Piotr Kuryło, mieszkaniec jednej z podaugustowskich wsi, z sukcesem zakończył kolejną sportową eskapadę. Udał się w nią z okazji 10. rocznicy swojego biegu dookoła Ziemi. Wyprawę rozpoczął 28 lipca w Rotterdamie u ujścia Renu do Morza Północnego. Jak podkreśla, trasa była niezwykle wymagająca:
Na rzece Ren największą przeszkodą były fale spowodowane przez duże statki, kontenerowce i tankowce. Takie warunki miałem aż do Jeziora Bodeńskiego. Z kolei później koryto rzeki bardzo się zwęziło i zrobiło się niezwykle stromo. Płynąłem z północy na południe i cały ten czas słońce grzało mi prosto w twarz. Spaliło mi skórę. Nabawiłem się też odcisków na palcach, być może dlatego, że moje wiosło było czarne.

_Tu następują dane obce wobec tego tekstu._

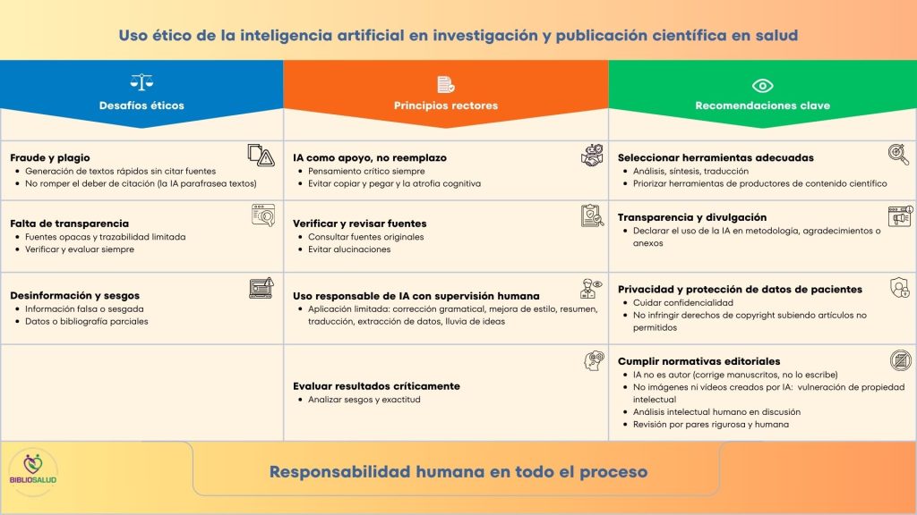 Además refuerza la idea de que la IA debe ser una herramienta de apoyo y nunca puede sustituir el juicio profesional ni la responsabilidad científica. Una práctica sencilla que contribuye a una ciencia más transparente, responsable y acorde con los valores del ámbito de la salud.

Podczas swojej podróży Piotr Kuryło nocował tylko i wyłącznie w namiocie. Na swojej drodze spotkał też Polaków, którzy chętnie mu pomagali. Całej wyprawie przyświecała idea pokoju na świecie:
Uważam, że temat pokoju na świecie jest tak ciężki, jak płynięcie pod prąd. Zdecydowanie za mało się o tym mówi. Źródło rzeki Ren jest na wysokości ponad 2300 metrów. Przeszedłem bardzo trudny, czerwony szlak i zaniosłem w to miejsce kajak. Jest to pamiątka dla wszystkich, którzy będą tam wchodzić. Zostawiłem tam również mapę, biało-czerwoną flagę oraz hasło, że moja podróż odbyła się w intencji pokoju na świecie. Było warto. Polecam każdemu, aby choć w najmniejszy sposób przyczynił się do szerzenia pokoju. Można na przykład pojednać się z bliskimi.
W przeszłości Piotr Kuryło pokonał pod prąd Wisłę. A oprócz przebiegnięcia ziemi, przemierzył na własnym nogach Polskę wzdłuż i wszerz oraz Europę, a także przejechał rowerem z Lizbony do Władywostoku. Jak mówi, teraz chciałby przepłynąć kajakiem z Syrii do Włoch.